Reuters has an update on this morning’s events in Yerevan when police finally moved in to disperse opposition supporters camped out overnight in the capital’s Liberty Square. The report also clarifies the situation of Levon Ter-Petrossian. According to Reuters, the former president is not under arrest.

The riot police moved into the square early on Saturday after authorities had said they were losing patience with the protests, led by Levon Ter-Petrosyan, Armenia’s first president after independence from the Soviet Union.

“We were asleep,” said one of the protesters who had been keeping an overnight vigil in the square.

“They came and they started to beat us up. They had truncheons,” said the man, who showed Reuters a broken finger. He declined to give his name.

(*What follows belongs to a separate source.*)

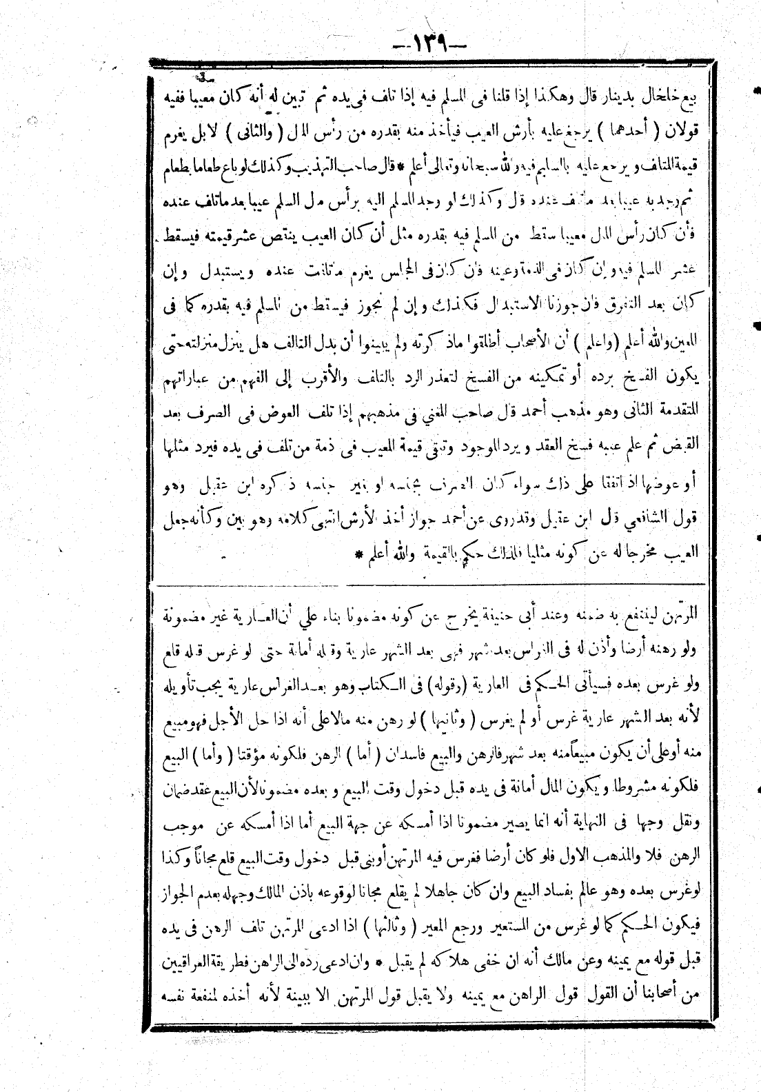 المرتهن لينتفع به ضمنه وعند أبى حنيفة يخرج عن كونه مضمونا بناء علي أن العارية غير مضمونة ولو رهنه أرضا وأذن له في الغراس بعد شهر فهى بعد الشهر عارية وقبله أمانة حتى لو غرس قبله قلع ولو غرس بعده فسيأتي الحكم في العارية (وقوله) في الكتاب وهو بعد الغراس عارية يجب تأويله لانه بعد الشهر عارية غرس أو لم يغرس (وثانيها) لو رهن منه مالا على أنه إذا حل الاجل فهو مبيع منه أو على أن يكون مبيعا منه بعد شهر فالرهن والبيع فاسدان (أما) الرهن فلكونه مؤقتا (وأما) البيع فلكونه مشروطا ويكون المال أمانة في يده قبل دخول وقت البيع وبعده مضمونا لان البيع عقد ضمان ونقل وجها في النهاية أنه انما يصير مضمونا إذا أمسكه عن جهة البيع أما إذا أمسكه عن موجب الرهن فلا والمذهب الاول فلو كان أرضا فغرس فيه المرتهن أو بنى قبل دخول وقت البيع قلع مجانا وكذا لو غرس بعده وهو عالم بفساد البيع وان كان جاهلا لم يقلع مجانا لوقوعه باذن المالك وجهله بعدم الجواز فيكون الحكم كما لو غرس من المستعير ورجع المعير (وثالثها) إذا ادعى المرتهن تلف الرهن في يده قبل قوله مع يمينه وعن مالك أنه ان خفى هلاكه لم يقبل * وان ادعى رده إلى الراهن فطريقة العراقيين من أصحابنا أن القول قول الراهن مع يمينه ولا يقبل قول المرتهن الا ببينة لانه أخذه لمنفعة نفسه

The protests had risked destabilising Armenia, a former Soviet republic that lies in a Caucasus mountains region now emerging as an important transit route for oil and gas supplies from the Caspian Sea to world markets.

[…]

Ter-Petrosyan, who ran in the election, launched the protests after alleging Sarksyan had used ballot-stuffing and intimidation to steal victory. Sarksyan denied the charges, and Western observers have called the vote broadly fair.

At their peak the protests attracted tens of thousands of people, though numbers had fallen off in the past few days.

A spokesman for Ter-Petrosyan said riot police moved in at 7.30 a.m. (0330 GMT) on Saturday. “They came, they beat people up and they removed everyone,” said Arman Musinyan.

Ter-Petrosyan was not detained and had returned home, he said, adding the opposition planned to attempt a further protest later on Saturday.

But a Reuters correspondent at Freedom Square said it was now surrounded by several hundred police with riot shields and that they were not allowing anyone access.

A group of about 15 people began shouting “Levon! Levon!” near the square. Police quickly moved in to disperse them, the correspondent said.